Employee Long Term Incentive Plan (Registration No. 333-49419-03), ACC Corp.
Non-Employee Directors' Stock Option Plan (Registration No. 333-49419-04) and
ACC Corp. 1996 UK Sharesave Scheme (Registration No. 333-49419-05), and Form S-8
for AT&T Wireless Services, Inc. Employee Stock Purchase Plan (Registration No.
333-52757), and in Post-Effective Amendment Nos. 1 and 2 on Form S-8 and Post
Effective Amendment No. 3 to Form S-4 Registration Statement (Registration No.
333-70279) for the Tele-Communications, Inc. 1998 Incentive Plan, the
Tele-Communications, Inc. 1996 Incentive Plan (Amended and Restated), the
Tele-Communications, Inc. 1995 Employee Stock Incentive Plan (Amended and
Restated), the Tele-Communications, Inc. 1994 Stock Incentive Plan (Amended and
Restated), the Tele-Communications, Inc. 1994 Nonemployee Director Stock Option
Plan, the Tele-Communications International, Inc., the 1996 Nonemployee Director
Stock Option Plan, the Tele-Communications International, Inc. 1995 Stock
Incentive Plan (Registration No. 333-70279-01), the Liberty Media 401(K) Savings
Plan, the TCI 401(K) Stock Plan (Registration No. 333-70279-02), Amendments Nos.

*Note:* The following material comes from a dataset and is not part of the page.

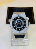 Black Silver Black Hologram Hublot Leather Strap Watch

1 and 2 to Form S-3 for the $10,000,000,000 Debt Securities and Warrants to
Purchase Debt Securities (Registration No. 333-71167) and Form S-4 for Vanguard
Cellular Systems, Inc. (Registration No. 333-75083) of our report dated January
25, 1999, on our audits of the consolidated financial statements and
consolidated financial statement schedule of the Company and its subsidiaries at
December 31, 1998 and 1997, and for the years ended December 31, 1998, 1997 and
1996, which report is incorporated by reference in the Annual Report on Form
10-K and which report is included in this Annual Report on Form 10-K/A.